Why? Why are charismatic expressions of Christianity growing so much faster than traditional ones? There are lots of reasons, but I think the critical one is their awareness of God’s presence. They experience the presence of the Holy Spirit in a tangible, sometimes dramatic way.

Now, I’m not suggesting that one must experience the baptism by the Holy Spirit, accompanied by speaking in tongues, in order to be saved. As I’ve said, I believe in universal salvation. I am suggesting that we can all become aware of God’s presence in the world, and be empowered to share that awareness with others.

There are many ways to experience God’s presence. One path is described by Brother Lawrence, by the anonymous author of another classic work called The Cloud of Unknowing, and others in the contemplative tradition: centering prayer, apophatic prayer, wordless prayer that seeks God as God, not for God’s gifts. I’ll admit that I struggle with that. I pray regularly, but really struggle with contemplative prayer. Another path that I’m working on is kataphatic prayer, wordy prayer, in which I communicate with God whatever is on my mind.
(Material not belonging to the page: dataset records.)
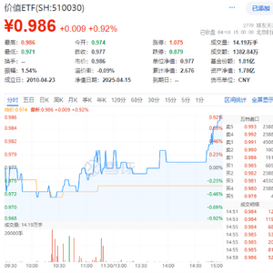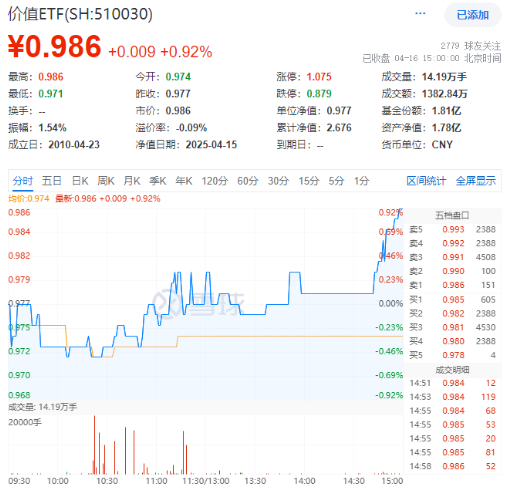 今日(4月16日),大盘几乎全天低位震荡,尾盘奇迹拉升,高股息方向表现尤为亮眼。聚焦“高股息+低估值”大盘蓝筹股的价值ETF(510030)场内价格收涨0.92%。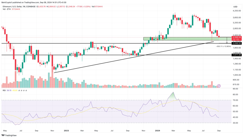 สกุลเงินดิจิทัลนี้มีราคาอยู่ระหว่าง 2,200 ถึง 2,350 USD โดยนักวิเคราะห์ทางเทคนิคของ BeInCrypto วิคเตอร์ โอลาเรวาจู รายงานว่าหากราคาตกต่ำกว่า 2,200 USD อาจนำไปสู่การลดลงของราคาอย่างมาก ซึ่งอาจ ทำให้ราคา Ethereum ตก ไปถึง 2,048 หรือแม้กระทั่ง 1,577 USD.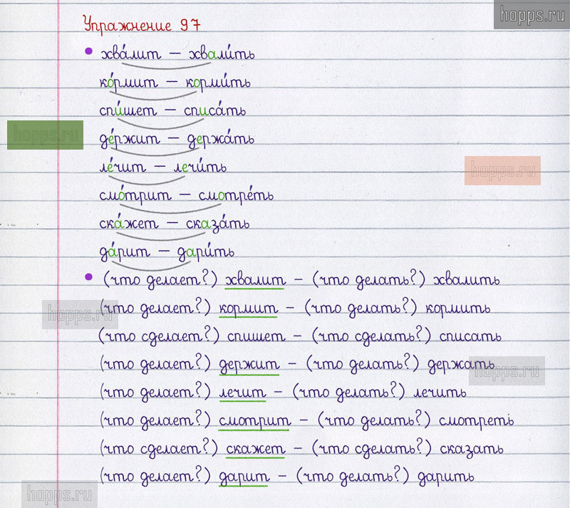 Готовые ответы к 97 упражнению 1 части рабочей тетради по русскому языку автора В.П. Канакина для учащихся 2 класса, 2019 г.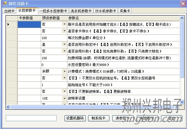 互聯(lián)網(wǎng)一卡通水控一體機(jī)的費(fèi)率設(shè)置是需要在軟件里制一張設(shè)置卡,然后拿制好的卡片到機(jī)器上去刷一下。制費(fèi)率卡的步驟如下: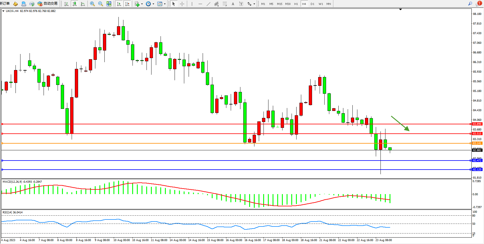 布油UKOil——4小时K线图显示: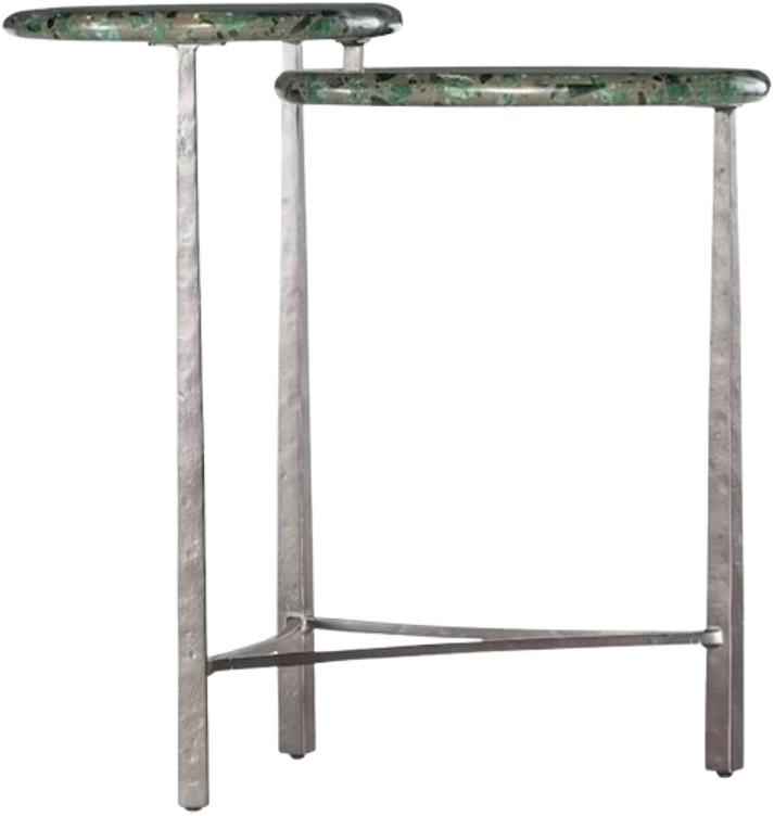 Finish: Textured pewter metal base with stone tops with green, black and charcoal bits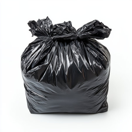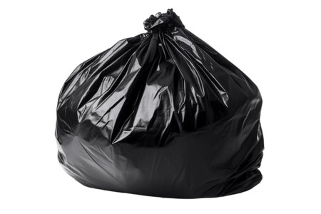 A large black plastic garbage bag tied securely at the top, ideal for waste disposal, organization, and cleanup tasks in various settings, promoting convenience and efficiency.

Something I started recently is to pause throughout the day and pray the Prayer of St. Francis. That’s a way to re-center myself on God and on the way I want to be more Christ-like. Using a fixed prayer relieves me of the need to think of what to say and just dwell in the moment. You might want to try something similar, maybe with the Lord’s Prayer or the Serenity Prayer or Thomas Merton’s prayer or any other prayer that speaks to your heart.

Another way to experience God is through scripture. People have different understandings of the nature of scripture, but I believe that it is a recording of ways that people throughout history have experienced God. By reading about their experiences, perhaps you can catch a glimpse of God in the world. There are lots of different ways to approach scripture regularly. I use a book called Year of the Bible that identifies a few chapters to read each day, and I read it every night. Usually, there are two Old Testament chapters and one New Testament, or sometimes a psalm or two instead of the New Testament, or sometimes more chapters if they are short. It takes me about 15 minutes, more or less. That allows me to skim the surface of the whole story. Another way is to use the daily lectionary, which is a two-year cycle that hits the important parts of the Bible just like the weekly lectionary we use in worship. The nice thing about using the daily lectionary is that there are lots of resources available if you want devotional studies or prayers.

But maybe reading isn’t your thing, and maybe you have a hard time centering yourself and quieting your mind for prayer. Why are we here today? So that we can experience God through other people. We experience God through worship, and we experience God through Christian fellowship. Each person reveals to us another aspect of God. Our unity in Christ’s body lowers the barriers between us and allows us to enter deeper relationships with each other and with God.

And above all, we can experience God if we follow Jesus’s new commandment given earlier in his Farewell Discourse: Love one another. Love is from God. Love IS God. In loving, we participate in God’s continuing work to reconcile all people and all things and welcome them into God’s eternal realm. We can experience a glimpse of the heavenly realm HERE and NOW if we have love.

In the Tower of Babel story, we read about people who were self-reliant and productivity-oriented. God said, Nothing that they propose to do will now be impossible for them, and so the LORD scattered the people. We were not created for doing things and building things. We were created to love. On the day of Pentecost, the disciples turned from self-reliance to God-reliance. If we depend on God and God’s love, then nothing will be impossible for us. The Holy Spirit will move with us, bind us together, flow through us, and advocate for us. And we will experience a glimpse of God’s heavenly realm now, God’s eternal presence waiting for our awareness. Amen.